§ What to do:
Could you repeat the listing exactly, leaving out the pictures?

§ Dataset excerpt:
*** Begin section ***
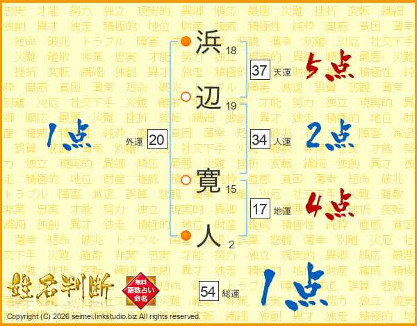 浜(18画)辺(19画) 寛(15画)人(2画)
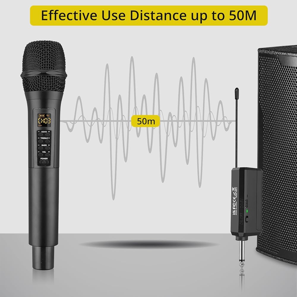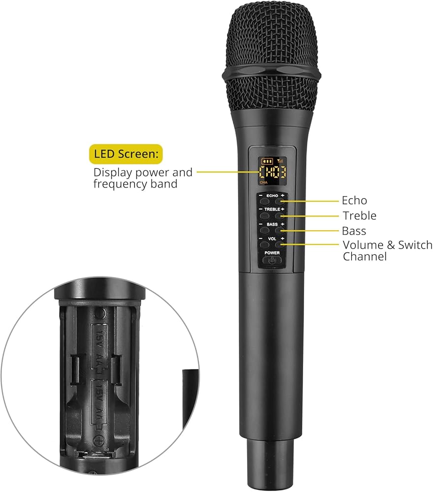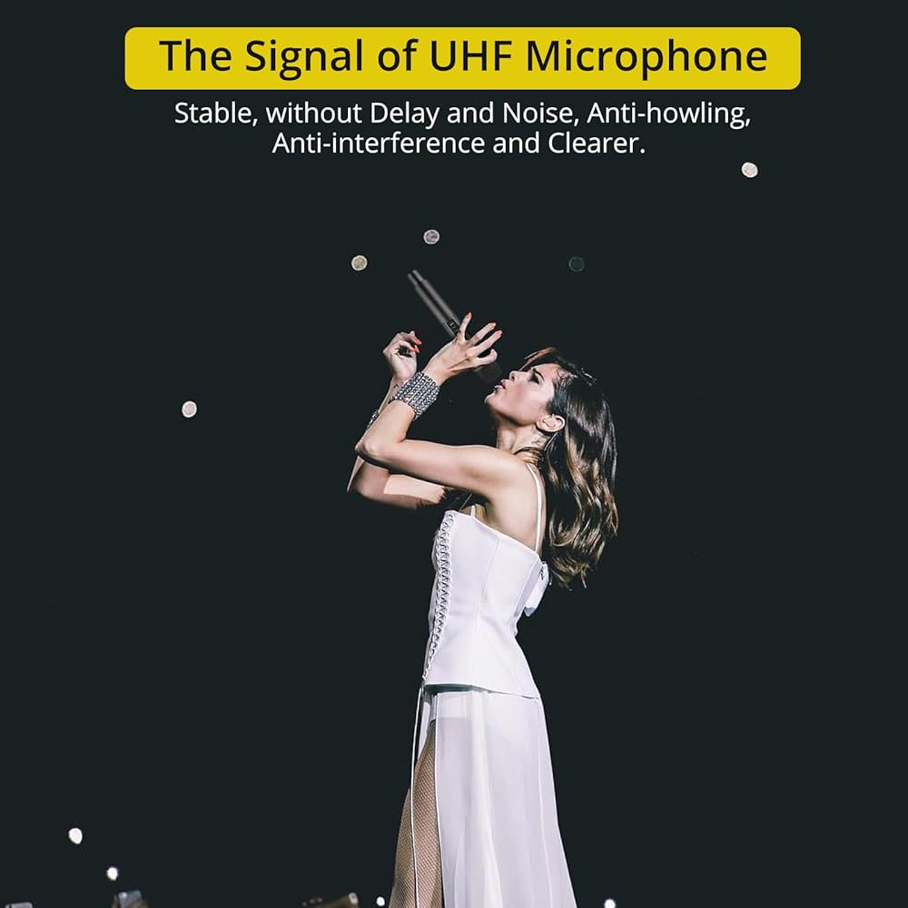 【ميكروفون قابل للتعديل بتردد UHF】ميكروفون معدني لاسلكي قابل للتعديل بتقنية UHF، مع شاشة LED، مع ضبط صوت جهوري عالي، تعديل الصدى، ضبط مستوى الصوت وغيرها من الوظائف، بحيث يمكنك ضبط الصوت في أي وقت بإصبع فقط.
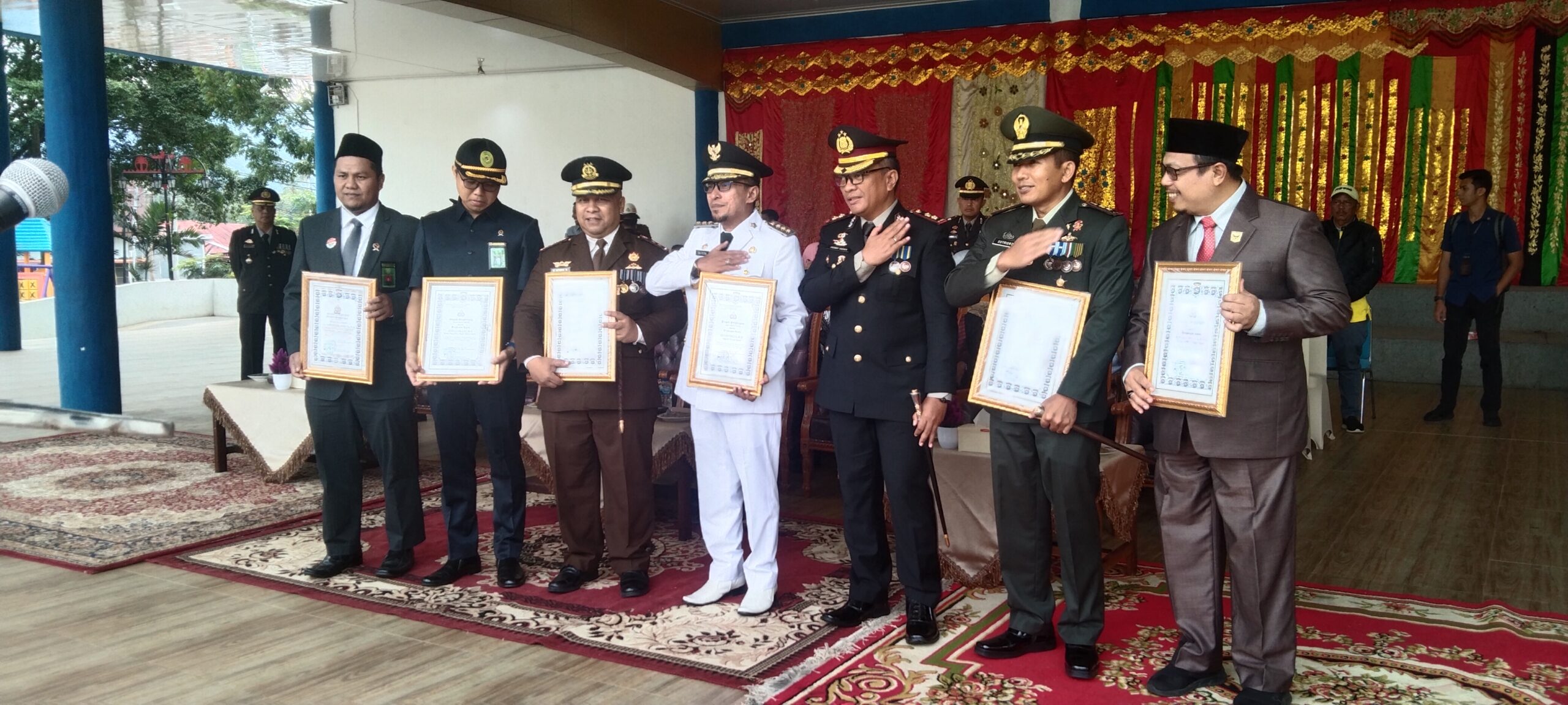 Kapolres Tanah Datar Berikan Penghargaan Kepada Bupati Beserta Pimpinan Daerah Lainnya Pada Peringatan Hari Bhayangkara ke 77
*** End section ***
§ Output of the task:
 浜(18画)辺(19画) 寛(15画)人(2画)
 【ميكروفون قابل للتعديل بتردد UHF】ميكروفون معدني لاسلكي قابل للتعديل بتقنية UHF، مع شاشة LED، مع ضبط صوت جهوري عالي، تعديل الصدى، ضبط مستوى الصوت وغيرها من الوظائف، بحيث يمكنك ضبط الصوت في أي وقت بإصبع فقط.
 Kapolres Tanah Datar Berikan Penghargaan Kepada Bupati Beserta Pimpinan Daerah Lainnya Pada Peringatan Hari Bhayangkara ke 77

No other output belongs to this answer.